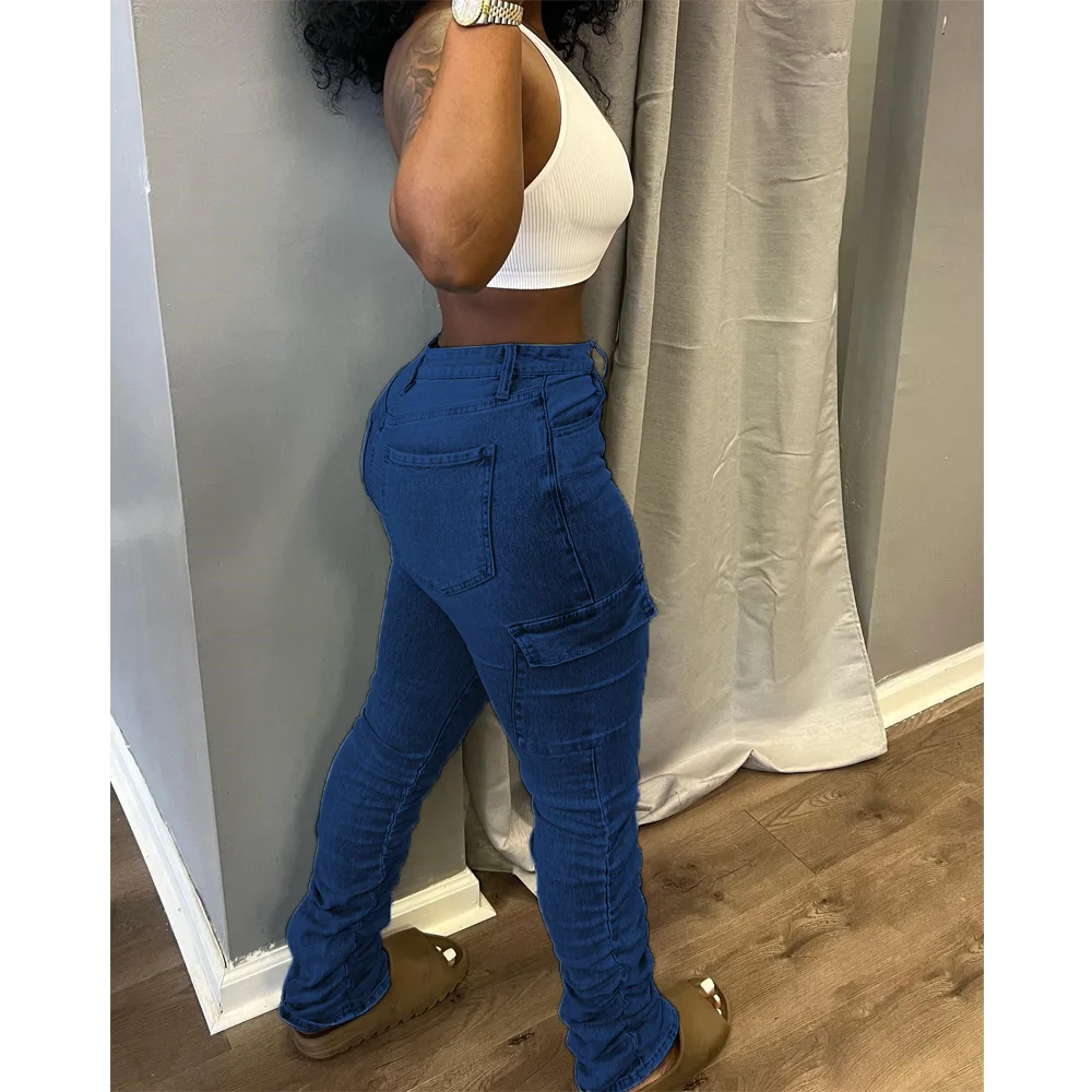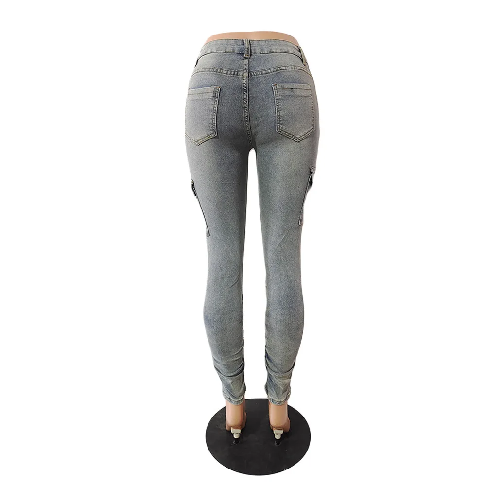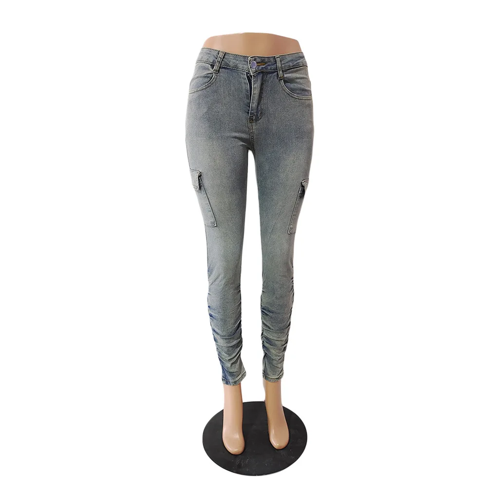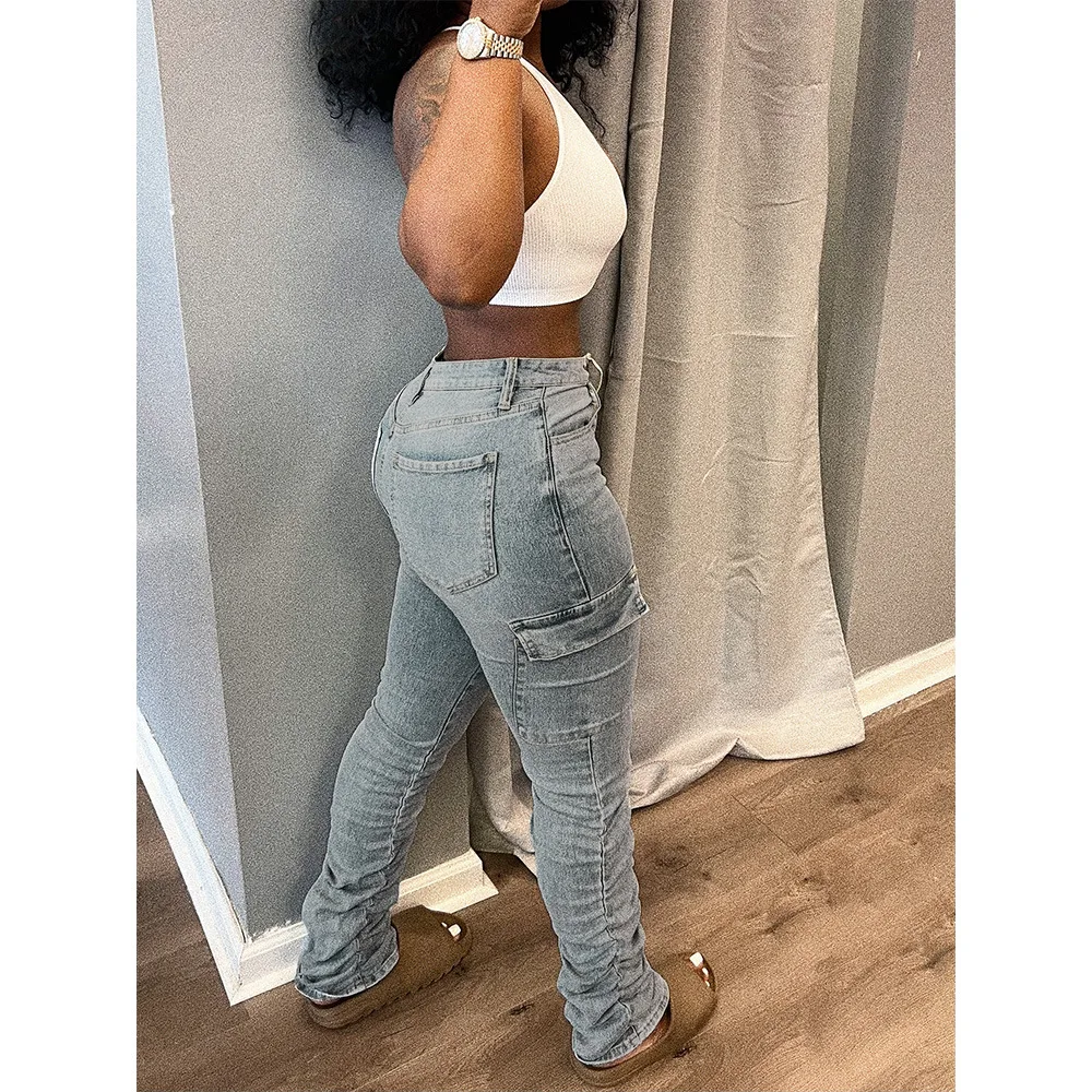 European and American Clothing Ins Smocked Side Pockets, Fashionable and Personalized Low-waist High-elastic Jeans
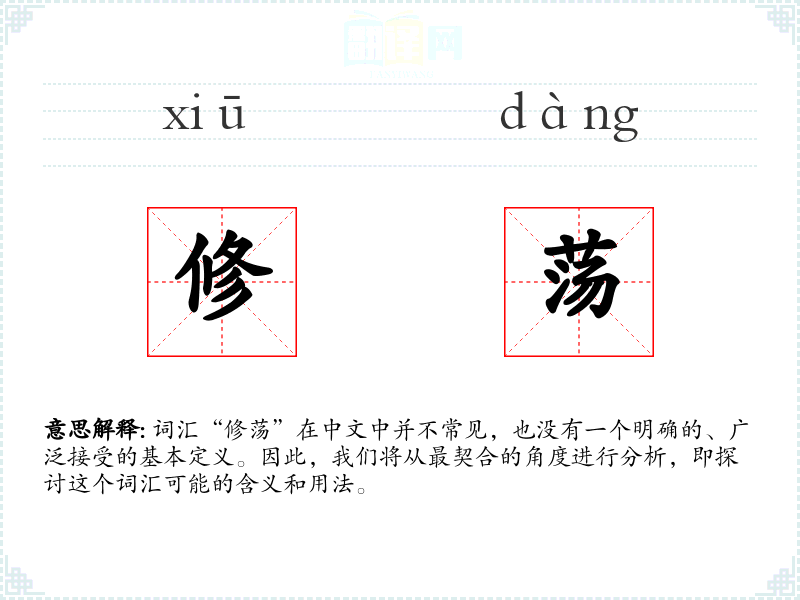 词汇“修荡”在中文中并不常见,也没有一个明确的、广泛接受的基本定义。因此,我们将从最契合的角度进行分析,即探讨这个词汇可能的含义和用法。
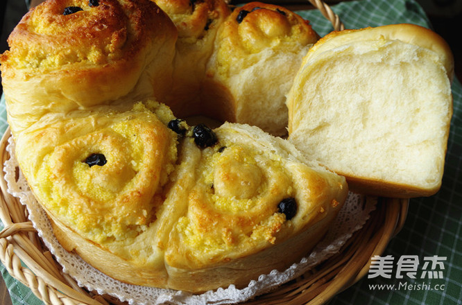 我喜欢用中空的模具做面包,这样烘烤起来会特别均匀,而且上色也很美。例如这个椰蓉面包卷,我觉得好美丽,金黄的椰蓉甜甜的,香味浓郁又不觉得甜腻。里面的果干我加的是蓝莓干,因为椰蓉比较甜蓝莓干偏酸,当然也可以换成葡萄干、黑加仑干或蔓越莓干。这款椰蓉面包卷是用的直接法,过程算是很简单的,而且整形也还可以,新手完全可以驾驭呀!
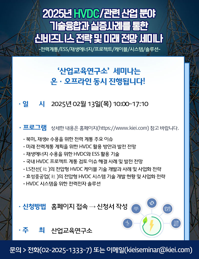 [산업교육연구소] 2025년 HVDC/관련 산업 분야 기술융합과 실증사례를 통한 신비즈니스 전략 및 미래 전망 세미나
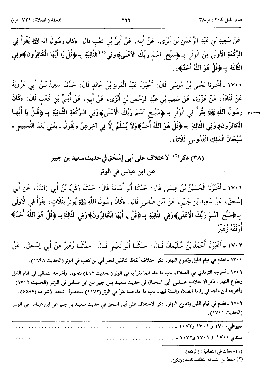 1702 - أَخْبَرَنَا أَحْمَدُ بْنُ سُلَيْمَانَ قَالَ حَدَّثَنَا أَبُو نُعَيْمٍ قَالَ حَدَّثَنَا زُهَيْرٌ عَنْ أَبِي إِسْحَقَ عَنْ سَعِيدِ بْنِ جُبَيْرٍ عَنْ ابْنِ عَبَّاسٍ أَنَّهُ كَانَ يُوتِرُ بِثَلَاثٍ بِسَبِّحْ اسْمَ رَبِّكَ الْأَعْلَى وَقُلْ يَا أَيُّهَا الْكَافِرُونَ وَقُلْ هُوَ اللَّهُ أَحَدٌ
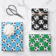 Soccer fans will love this custom set of gift wrapping paper sheets decorated with a classic soccer ball pattern! It's shown with blue, black and green background colours, but you can select your favourite colours and adjust the pattern size also. Personalise with any text if desired. Wrap a special gift for any soccer player, coach or fan!
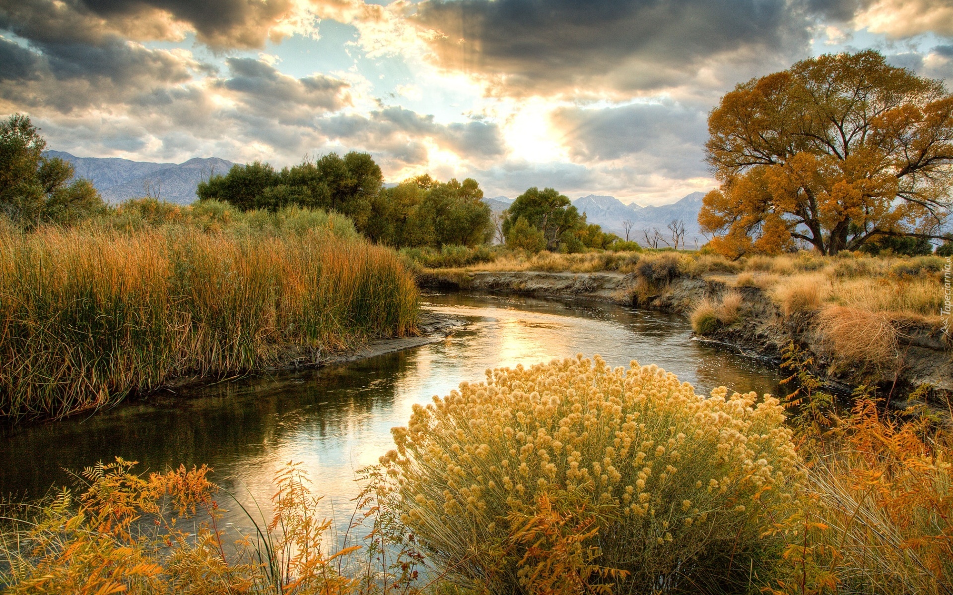 Edytor tapety: Rzeka, Zarośla, Drzewa, Chmury
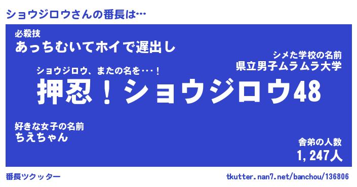 | 男性向けラノベタイトル風あだ名 | 『ショウジロウアートオンライン』 |
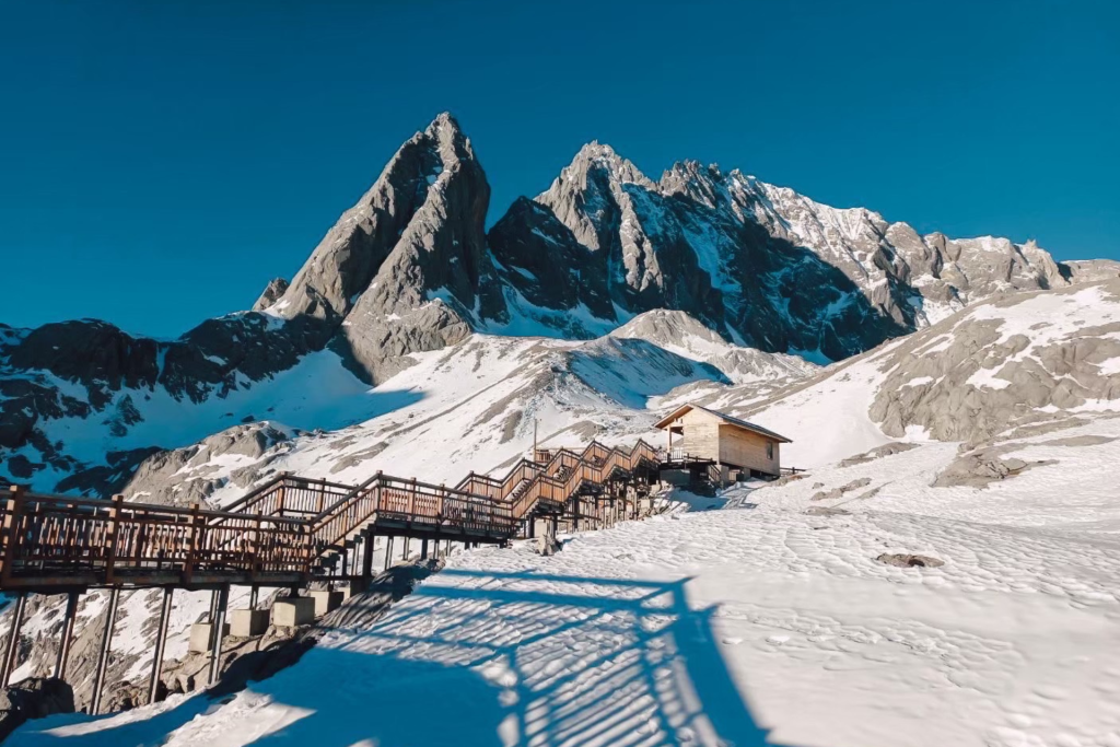 รับยามเช้า ณ ภูเขาหิมะมังกรหยก สถานที่ท่องเที่ยวระดับไฮไลต์ของ เมืองลี่เจียงที่โดดเด่นด้วยยอดเขาปกคลุมด้วยหิมะ ตลอดทั้งปี เปรียบเสมือนมังกรขาวขนาดยักษ์นอนทอดตัวกลางท้องฟ้า เป็นแหล่งรวมความหลากหลายทางวัฒนธรรม ของชนเผ่าท้องถิ่น เช่น ชนเผ่าหน่าซี (Naxi) ที่อาศัยอยู่โดยรอบ ได้สัมผัสอากาศเย็นสดชื่น ขึ้นกระเช้าไฟฟ้าสู่จุดชมวิวสูงกว่า 4,500 เมตร

==========

Reproduce, word for word, everything in the listing above from the line containing "我喜欢用中空的模具做面包,这" down to the line containing "1702 - أَخْبَرَنَا", both of them included. No pictures.

 我喜欢用中空的模具做面包,这样烘烤起来会特别均匀,而且上色也很美。例如这个椰蓉面包卷,我觉得好美丽,金黄的椰蓉甜甜的,香味浓郁又不觉得甜腻。里面的果干我加的是蓝莓干,因为椰蓉比较甜蓝莓干偏酸,当然也可以换成葡萄干、黑加仑干或蔓越莓干。这款椰蓉面包卷是用的直接法,过程算是很简单的,而且整形也还可以,新手完全可以驾驭呀!
 [산업교육연구소] 2025년 HVDC/관련 산업 분야 기술융합과 실증사례를 통한 신비즈니스 전략 및 미래 전망 세미나
 1702 - أَخْبَرَنَا أَحْمَدُ بْنُ سُلَيْمَانَ قَالَ حَدَّثَنَا أَبُو نُعَيْمٍ قَالَ حَدَّثَنَا زُهَيْرٌ عَنْ أَبِي إِسْحَقَ عَنْ سَعِيدِ بْنِ جُبَيْرٍ عَنْ ابْنِ عَبَّاسٍ أَنَّهُ كَانَ يُوتِرُ بِثَلَاثٍ بِسَبِّحْ اسْمَ رَبِّكَ الْأَعْلَى وَقُلْ يَا أَيُّهَا الْكَافِرُونَ وَقُلْ هُوَ اللَّهُ أَحَدٌ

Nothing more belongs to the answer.